MunicipalNews

Electricity theft costs Mbombela millions

The municipality tabled its audited annual financial statements to council last week during a special council meeting.

NELSPRUIT – The assets of Mbombela Local Municipality (MLM) have decreased over the past financial year, while its liabilities have increased.

The municipality tabled its audited annual financial statements to council during a special council meeting held on Thursday afternoon. The report deals with the 2012/13 financial year, which ended on June 30.

According to the report, the value of the municipality’s total actual assets decreased by R56,6 million or one per cent. Council’s total liabilities increased by R34 million, or three per cent, to stand at R1,1 billion. This amounted to a variance of R415 million from MLM’s budgeted total liabilities which was R644 million.

The Auditor-General (AG) expressed an unqualified audit opinion on MLM’s finances. The AG found that theft and illegal connection of amenities caused MLM to lose R39,7 million for electricity and R2,7 million for water.

The municipality also have receivables such as property rates and taxes as well as outstanding water bills totaling R259,6 million and noted that the recoverability of these amounts were “doubtful”.

MLM’s deficit decreased to R91 million, which the municipality noted was partially attributable to the underspending on capital conditional grants since the revenue can only be recognised when the conditions of the grants are met. This amounted to R138,5 million of its conditional grants going unspent.

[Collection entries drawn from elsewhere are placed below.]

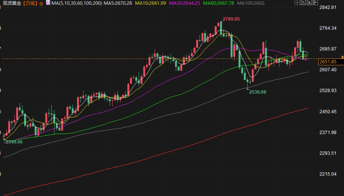 现货黄金交投于2651.83附近,尽管金价受到美联储降息预期和央行购金的支撑,但是复杂环境下,市场保持谨慎,获利了结限制金价涨幅;
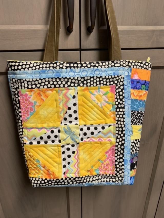 This first one was made by Judy Russell. This is her first Frankenbag and she used some Laurel Burch panels and left over blocks. I just love this! Those panels work so well in these bags. And I love how scrappy and free form this is.
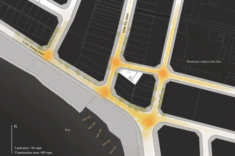 H.BD Atelier’s Nam House sits amidst the vibrant chaos of Ba Don Town, Quảng Bình, Vietnam. The region is known for its dramatic landscapes, harsh climate, and fast-pace culture. The architects, keeping these elements in mind, have designed a unique home that offers a refuge from the external noise while remaining connected to nature. Quang Binh’s narrow land and harsh climate heavily influence the way people live. The home is located at a busy intersection, with a wholesale market in the front and a riverbank with waterway trade at the back. Given the limited plot size of 136 square meters, the architects designed a thoughtful solution. The ground floor remains open with large glass facades on two sides suited for commercial activities. This caters to the homeowner’s needs while engaging with the commercial area.

The AG noted that, “As a consequence, the municipality did not achieve its objective in providing infrastructure”. The report also noted that conditional grants were utilised for purposes other than those stipulated in the grants framework.

The municipality’s audit committee did not review MLM’s performance management or make recommendations to council, as required. “The accounting officer did not take effective steps to prevent unauthorised, irregular or fruitless and wasteful expenditure,” the AG found.

The municipality’s total capital expenditure amounted to R237,8 million. Of this, R6,7 million was on buildings, R16,1 million on community halls and sports fields and R207 million on infrastructure. R7,6 million was also spent on other assets such as motor vehicles and office equipment.

The mayoral committee agreed that meetings between departments and Municipal Public Accounts Committee (MPAC) regarding the annual report be scheduled.